Which of the following infections is not notifiable?
A) Measles
b) Mumps
C) Rubella
D) Parvovirus
E) Tetanus

D) parvovirus


A child presents with a history of malaise and fever accompanied by a bilaterally swollen and painful neck. They do not have a rash,

A) what is the most likely diagnosis?
B) which structure in the neck is swollen?
C) how is this condition spread?

A) mumps
B) the parotid glands
C) droplet/saliva spread


A child presents with fever, coryza, conjunctivitis and lethargy. On examination they have small grey lesions visible within their mouth.
A) what is the likely diagnosis?
B) where might a rash first appear in this condition?
C) what are the lesions within the mouth called?
D) how is this condition spread?
E) If you diagnose a child with this condition what must you do?

A) Measles

B) behind the ears

C) Koplik Spots

D) droplet

E) Notifty PHE


A child is diagnosed by his GP with rubella.

A) Give two key differences between rubella and measles.
B) Which patient group must the child be kept away from until they are not longer infectious and why?
C) how long does it typically take for rubella to resolve?

A) the fever in measles is higher typically and the spots of the rash can join to form larger patches.

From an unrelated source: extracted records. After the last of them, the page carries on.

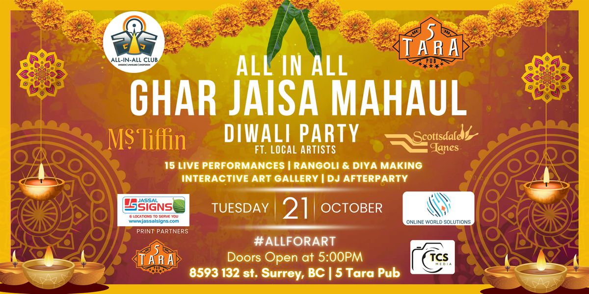Join us for a heartwarming night of lights, live performances, and local flavor at the All In All – Ghar Jaisa Mahaul: Diwali Party! From music and poetry to interactive art and dance, this event brings the true spirit of Diwali alive — loud, vibrant, and rooted in community.
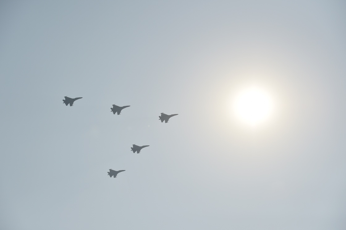 梯队领衔的是我国自主研发的新一代隐身战斗机歼-20。2017年的沙场阅兵中,歼-20三机编队以战斗姿态接受检阅。近年来,歼-20从研发、试训到列装作战部队形成战斗力,再到实战实训、展翅海空,见证了我国航空工业和人民空军战斗力的飞速发展。
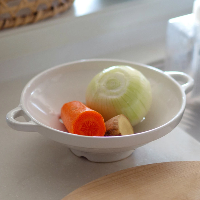 コランダーなんて自分には縁がないと思っていましたが、スタジオエムのベリーボウルに出会って考えが変わりました。陶器製で手馴染みの良いサイズ感は、果物や枝豆の水切り、冷やしうどんの器など意外と使い道がたくさん!特にお気に入りは調理中の“ちょい置き”です。洗った野菜や皮をむいた食材を一時的に入れるのに便利で、陶器だからお手入れも簡単で、そのまま出しっぱなしでも絵になります。
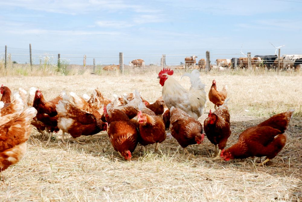 Der Schwerpunkt des Betriebes ist die Milchkuhhaltung, es leben 80 Kühe mit Nachzucht (ca. 40 Jungrinder) auf dem Hof und grasen tagsüber auf den nahe gelegenen, weitläufigen Weideflächen. Die 150 Hühner haben reichlich Auslauf zur Auslebung ihres natürlichen Verhaltens, die mobilen Hühnerställe werden regelmäßig versetzt, so bleiben die Grasnarben intakt und können sich schnell regenerieren, die Flächen werden zudem nicht mit Nährstoffen überfrachtet.

Also measles generally takes longer to resolve. Rubella is teratogenic in the 1st trimester, measles is not.

B) Pregnant women, due to risk of contracting congenital rubella syndrome

C) 7-10 days


Which of the following typically presents with malar erythema?
A) Rubella
B) Measles
C) Mumps
D) Erythrovirus
E) Hand, Foot and Mouth

D) Erythrovirus( aka slapped cheek syndrome/parvovirus/erythema infectiosum)

Rubella and measles present with a macular rash which starts on the face and spreads over the body.

Hand, foot and mouth presents with vesicles on the palms, soles and in the mouth.